### WORK INSTRUCTION
Please print, exactly as written, the line containing "Удивительно, но на" and each line after it through the end of the material; pictures stay out.

### GIVEN MATERIAL
■ ■ ■ ■ ■ ■ ■
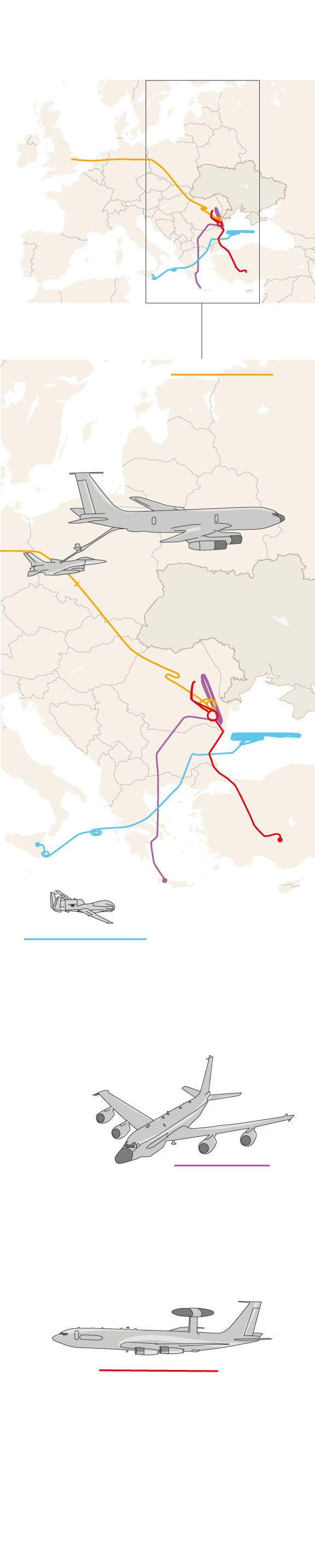 Desde el inicio de la invasión, las aeronaves de vigilancia de la OTAN se despliegan en la frontera sin ocultarse
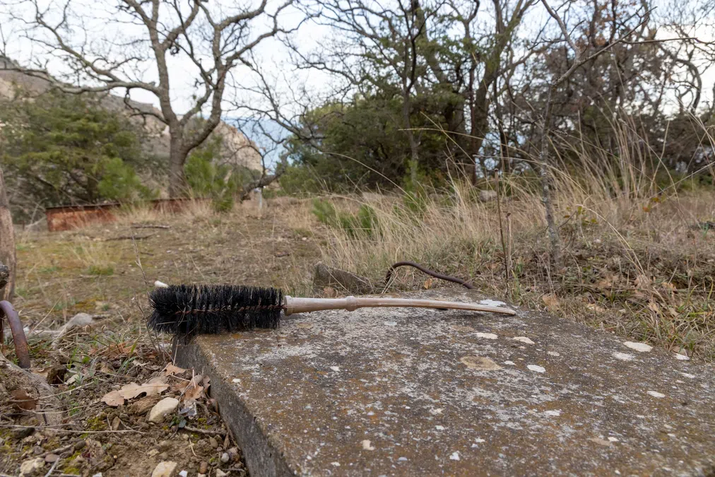 Удивительно, но на одном из участков мы обнаружили туалетный ершик. То ли он лежит здесь в знак протеста, то ли попал случайно, ведь привычных унитазов на дачах нет.
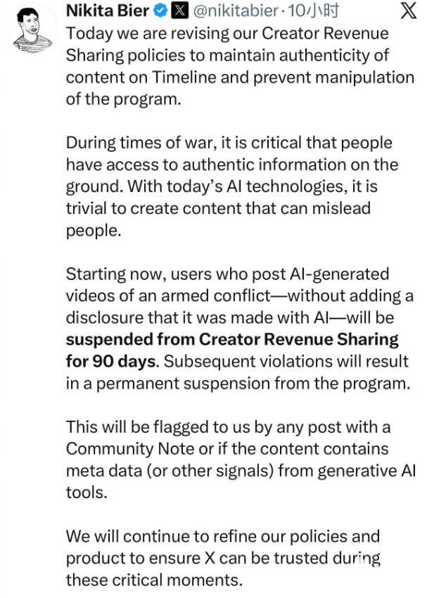 PChome 3月4日消息,马斯克旗下的X平台宣布,发布未标注的AI生成武装冲突视频创作者,将被暂停参与创作者收益分成计划90天,若再次违规,将被永久取消资格。
■ ■ ■ ■ ■ ■ ■
### EXERCISE SOLUTION
 Удивительно, но на одном из участков мы обнаружили туалетный ершик. То ли он лежит здесь в знак протеста, то ли попал случайно, ведь привычных унитазов на дачах нет.
 PChome 3月4日消息,马斯克旗下的X平台宣布,发布未标注的AI生成武装冲突视频创作者,将被暂停参与创作者收益分成计划90天,若再次违规,将被永久取消资格。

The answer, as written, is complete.